The most important challenge I have faced is moving to the United States because of the persecution that my family and I have suffered because of the political-social crisis that crosses my country Venezuela. Venezuela is a socialist country with high rates of violation of human rights, crime, hyperinflation, lack of food, medicines, among others. I had to leave because my life was in danger, I did not agree with the government policies, in which resulted in persecution without limit, harassment and threats that were received, my life and that of my family were at risk .I came to this country requesting a political asylum and it is the first step I took to try to overcome the challenge, but as my immigration case is still pending and I have left my country of origin without any documentation that proves that I am a Venezuelan citizen I am in a migratory limbo that limits me but that I hope has a good outcome. I had to work and study at the same time to pay for my studies because I have not received or probably received financial aid assistance due to my immigration status, I clarify that I have been able to pay for my studies with great effort. My studies are focused in the field of geography that studies the world and the way in which humans from other cultures interact but despite not being able to experience it myself I am willing to work and graduate in this field regardless of the work that costs me.

Attached is my essay that got me into my major (International Development Studies from Geography)

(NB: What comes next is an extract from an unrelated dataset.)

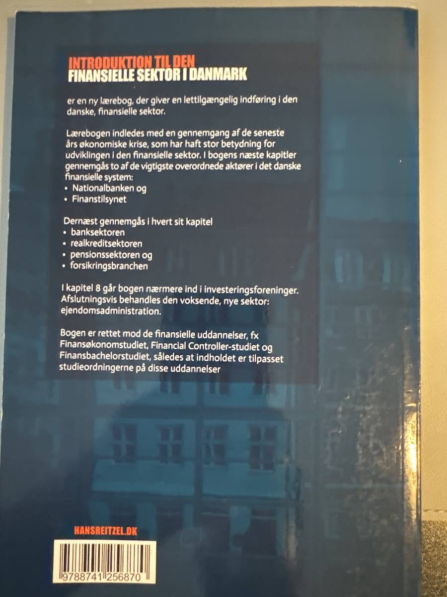 "Introduktion til den finansielle sektor i Danmark" tilbyder en klar og lettilgængelig gennemgang af de centrale aktører og institutioner, der former det danske finansielle landskab. Forfatterne Mikkel Harbo Bossow, Anne Marie Oksen og Karsten Gerlif fører læseren sikkert gennem de grundlæggende principper, som ligger til grund for den finansielle sektor. Bogen præsenterer en række nøgleområder, herunder pengeinstitutter, realkredit, ejendomsadministration, pensionssektoren, forsikring og investeringsforeninger. Med udgangspunkt i centrale institutioner som Nationalbanken og Finanstilsynet illustreres de historiske, aktuelle og fremtidige udfordringer, som sektoren står overfor. Gennem en brugervenlig tilgang opnås en dybere forståelse af, hvordan de finansielle systemer påvirker både individers og virksomheders økonomiske situation. Med sine 136 sider giver bogen et solidt fundament for studerende og andre, der ønsker indblik i, hvordan den finansielle sektor bidrager til det danske samfund."

The most impactful event I’ve faced that has been a great influence to dedicate myself to the IDS major is moving to the US because of the persecution that my family and I have suffered. This is a result of the political-social crisis that is going in my home country Venezuela. We had no choice but to flee to save our lives due to our disagreements with the government. I came to this country as a political asylum seeker, however, my case is still pending. As I grew up in the US, I had the opportunity to think about the multiple situations I faced with my family, it later became essential for me to learn not only about the situation in my country and why it happened but for many other countries facing similar situations. The classes that I’ve had the opportunity to study this quarter have been more than valuable and essential to the growth of my knowledge of what’s happening in the world and why. Overall, I feel like I have an immense passion for traveling and learning the history of every country and why they came to be whether it’s political, economic or cultural and how different they are from each other. Although I’m not able to travel due to my immigration status, which is upsetting, I feel like the IDS major will fulfill my passion. Though I’m not able to see the places I’m learning about physically until I get my citizenship (7+ years) I can learn and research about them. I genuinely enjoy going to class every day, making my time at UCLA more than valuable and fulfilling for my own professional and personal growth. The variety of information I wish to obtain is only provided by the interdisciplinary major IDS.